Und dann wäre da noch King Kong Bundy, eine Wrestling-Ikone aus den Achtzigerjahren: Er scheucht in einer Folge der Kult-Sitcom «Eine schrecklich nette Familie» den Familiensohn Bud Bundy (gespielt von David Faustino) durch den Ring.

Batista

Wetten, dass viele gar nicht wussten, dass sie da einem Wrestler zusehen? In den beiden «Guardians Of The Galaxy»-Streifen sowie anderen Marvel-Comicverfilmungen mimt ein einstiger Ringer den Alien namens Drax, der Zerstörer.

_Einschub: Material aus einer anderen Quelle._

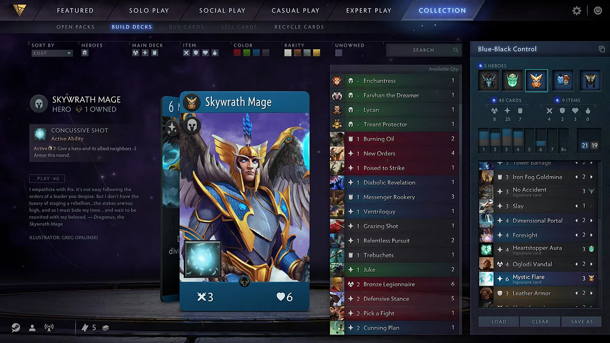 Ваша колода состоит из трех компонентов: основная колода, колода предметов и колода героев. У вас должно быть ровно пять героев — аналог пяти героев, которые составляют команду в Dota 2. В основной колоде должно быть как минимум 40 карт, 9 для колоды предметов, но нет предела для максимального количества карт в каждой категории.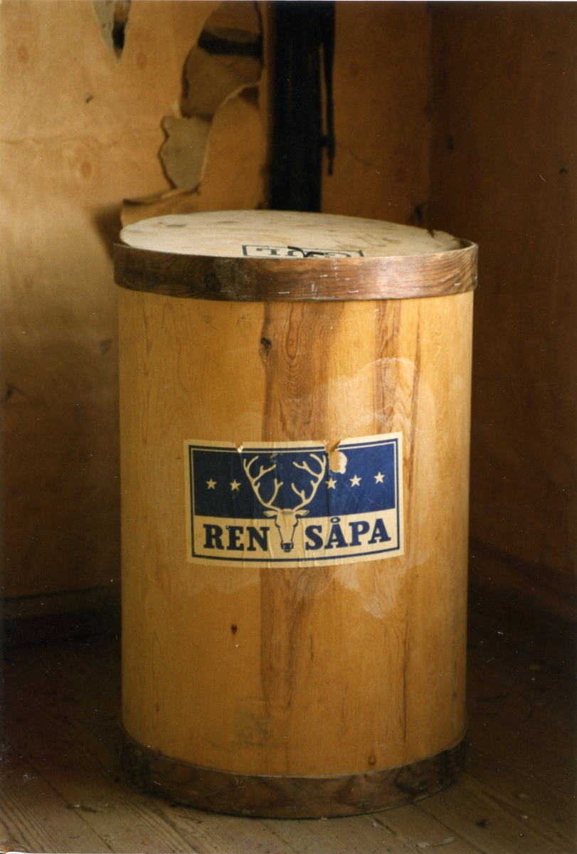 Titel: Kolbäck sn, Hässelby. Tunna - rund träbehållare med etikett där det står: REN SÅPA.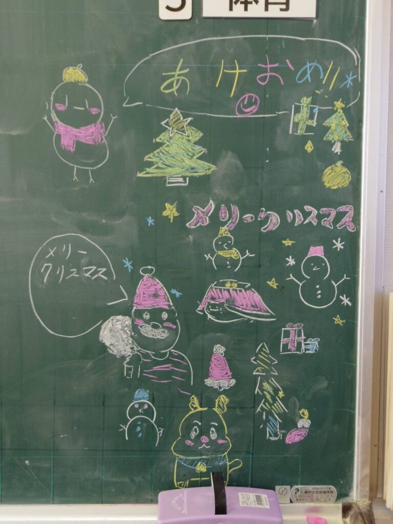 後期前半、毎日子どもたちと楽しい時間を過ごさせてもらいました。「来てくれてありがとう」という気持ちで毎朝子どもたちを迎えました。冬休み19日間、しばらく子どもたちと会えなくなって寂しいですが、また登校してきたら「学校が楽しい」と思ってもらえるように、私たちも冬休みにしっかりと休んで英気を養い、元気に子どもたちと再会できるようにしたいと思います。これまでのご理解とご支援をありがとうございました。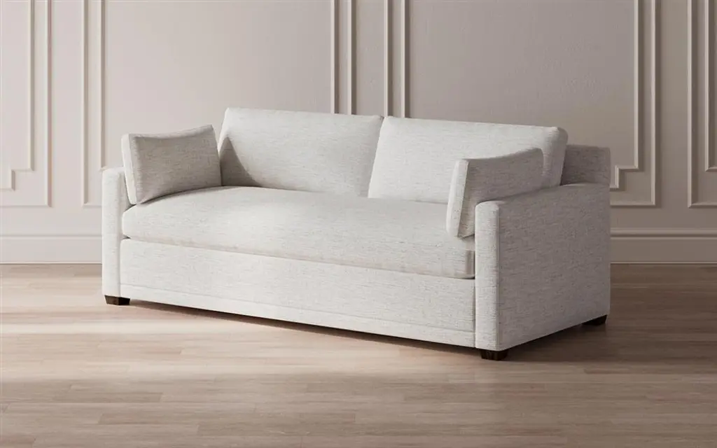 With balanced proportions, clean lines, and refined details, the 88” Weybridge bench cushion sofa is a perfect addition to any living space. Its simple, versatile silhouette features timeless track arms, plush pillows, and tapered wood legs. Soft and supportive cushioning offers plush, cloud-like comfort, with a foam core surrounded by a blend of fiber, down, and feather fill. Choose from a variety of upholstery options, including linen, velvet, and performance fabrics.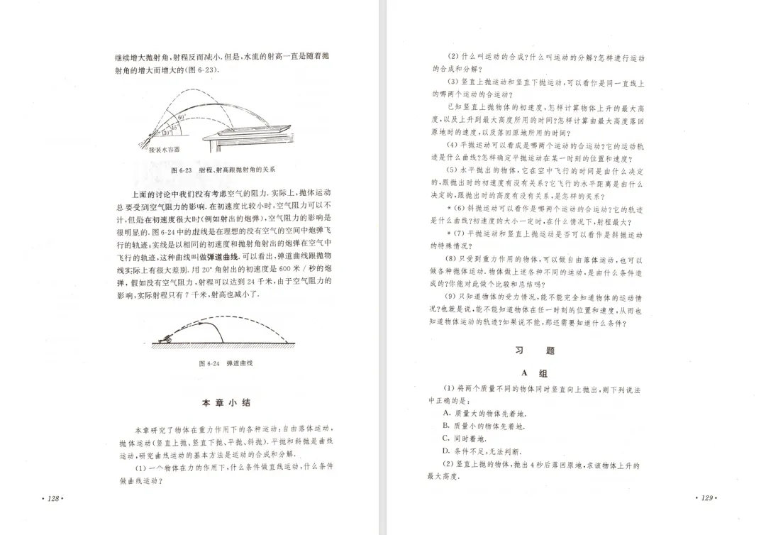 尽管这套教材在不少重要的知识点的介绍上与甲种本接近,例如,加回了利用极限法和面积法推导匀变速直线运动的位移,加回了向心加速度公式的推导,加回了小幅单摆是简谐运动的推导,但是这套教材并没有把甲种本的内容都囊括进来。例如,有关物体的平衡的内容,这套教材就没有力偶、平衡的种类、稳度,后两者甚至在乙种本是有的,这套教材也没有进行补充。又如,斜抛运动没有像甲种本那样给出运动公式、射高和射程公式。

Bevor David Michael Bautista Jr. in Hollywood Fuss fasste, war jedoch auch er im Wrestlingring zugange. Und schlug sich ganz passabel: So hielt er mehrere Titel in der grössten Liga WWE und wurde auch in die Ruhmeshalle des Wrestlings aufgenommen. Der Erfolg in Hollywood und im «Kätschen», sie schliessen sich also doch nicht aus.

Hat es in Hollywood geschafft: Batista in «Guardians Of The Galaxy», hier mit der dicken Wumme in den Händen – also nicht der Waschbär. 
Hat es in Hollywood geschafft: Batista in «Guardians Of The Galaxy», hier mit der dicken Wumme in den Händen – also nicht der Waschbär.